Items from a dataset:

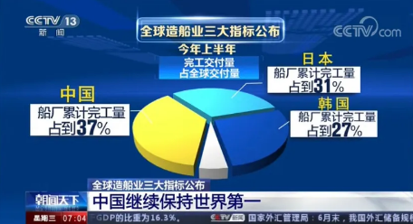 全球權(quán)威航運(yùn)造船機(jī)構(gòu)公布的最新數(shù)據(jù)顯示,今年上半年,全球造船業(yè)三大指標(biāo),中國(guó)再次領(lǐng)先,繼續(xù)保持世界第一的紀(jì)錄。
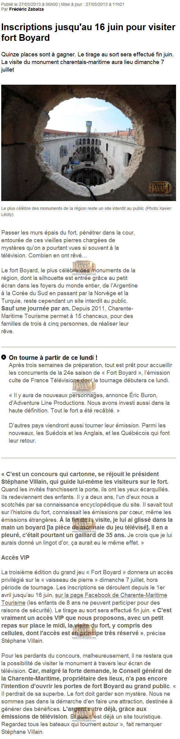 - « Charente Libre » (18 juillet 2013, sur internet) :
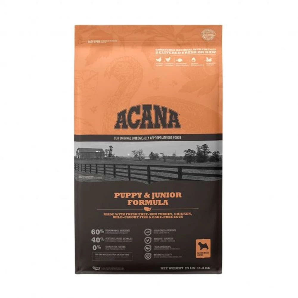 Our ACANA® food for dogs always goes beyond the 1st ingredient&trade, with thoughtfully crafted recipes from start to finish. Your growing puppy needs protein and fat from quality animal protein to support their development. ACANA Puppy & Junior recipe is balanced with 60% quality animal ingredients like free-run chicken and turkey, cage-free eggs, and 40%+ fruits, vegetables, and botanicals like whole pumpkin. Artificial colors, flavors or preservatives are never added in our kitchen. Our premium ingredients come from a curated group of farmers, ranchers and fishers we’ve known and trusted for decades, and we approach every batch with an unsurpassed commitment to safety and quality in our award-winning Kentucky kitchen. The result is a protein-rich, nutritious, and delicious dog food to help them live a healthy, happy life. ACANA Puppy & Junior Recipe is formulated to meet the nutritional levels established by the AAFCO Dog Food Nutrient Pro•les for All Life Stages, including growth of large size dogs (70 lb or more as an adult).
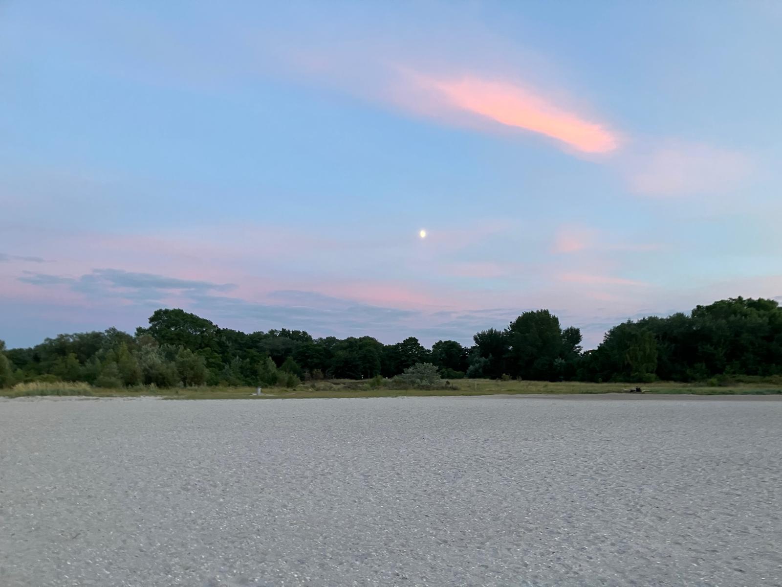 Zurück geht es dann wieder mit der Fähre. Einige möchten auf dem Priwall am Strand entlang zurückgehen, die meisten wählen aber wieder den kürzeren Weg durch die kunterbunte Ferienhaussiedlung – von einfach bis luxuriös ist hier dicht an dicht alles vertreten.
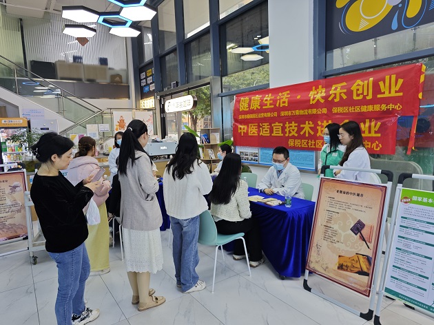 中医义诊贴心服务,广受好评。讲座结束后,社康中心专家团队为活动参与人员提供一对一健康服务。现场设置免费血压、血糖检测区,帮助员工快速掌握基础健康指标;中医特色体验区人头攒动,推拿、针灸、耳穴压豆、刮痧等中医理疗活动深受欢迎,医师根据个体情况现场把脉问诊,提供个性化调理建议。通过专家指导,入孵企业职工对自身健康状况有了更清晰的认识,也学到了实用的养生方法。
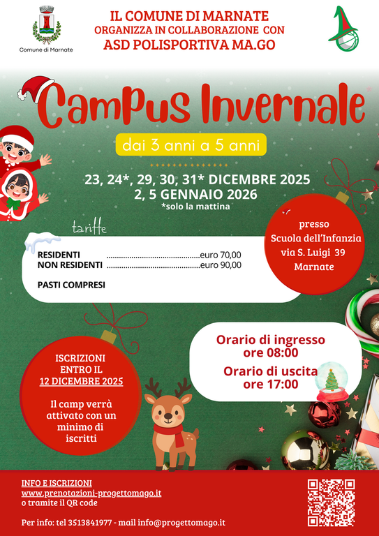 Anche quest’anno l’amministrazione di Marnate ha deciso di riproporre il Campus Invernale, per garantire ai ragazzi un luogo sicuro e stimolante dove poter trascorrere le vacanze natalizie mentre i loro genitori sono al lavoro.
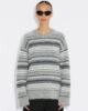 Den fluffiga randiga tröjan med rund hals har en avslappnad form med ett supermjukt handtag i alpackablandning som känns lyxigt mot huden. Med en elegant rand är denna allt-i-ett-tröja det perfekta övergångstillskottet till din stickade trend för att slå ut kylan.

WORK REQUEST: Beginning with the line containing "Zurück geht es" and ending with the last line of the data, output those lines exactly and nothing more. Omit every picture.

RESPONSE:
 Zurück geht es dann wieder mit der Fähre. Einige möchten auf dem Priwall am Strand entlang zurückgehen, die meisten wählen aber wieder den kürzeren Weg durch die kunterbunte Ferienhaussiedlung – von einfach bis luxuriös ist hier dicht an dicht alles vertreten.
 中医义诊贴心服务,广受好评。讲座结束后,社康中心专家团队为活动参与人员提供一对一健康服务。现场设置免费血压、血糖检测区,帮助员工快速掌握基础健康指标;中医特色体验区人头攒动,推拿、针灸、耳穴压豆、刮痧等中医理疗活动深受欢迎,医师根据个体情况现场把脉问诊,提供个性化调理建议。通过专家指导,入孵企业职工对自身健康状况有了更清晰的认识,也学到了实用的养生方法。
 Anche quest’anno l’amministrazione di Marnate ha deciso di riproporre il Campus Invernale, per garantire ai ragazzi un luogo sicuro e stimolante dove poter trascorrere le vacanze natalizie mentre i loro genitori sono al lavoro.
 Den fluffiga randiga tröjan med rund hals har en avslappnad form med ett supermjukt handtag i alpackablandning som känns lyxigt mot huden. Med en elegant rand är denna allt-i-ett-tröja det perfekta övergångstillskottet till din stickade trend för att slå ut kylan.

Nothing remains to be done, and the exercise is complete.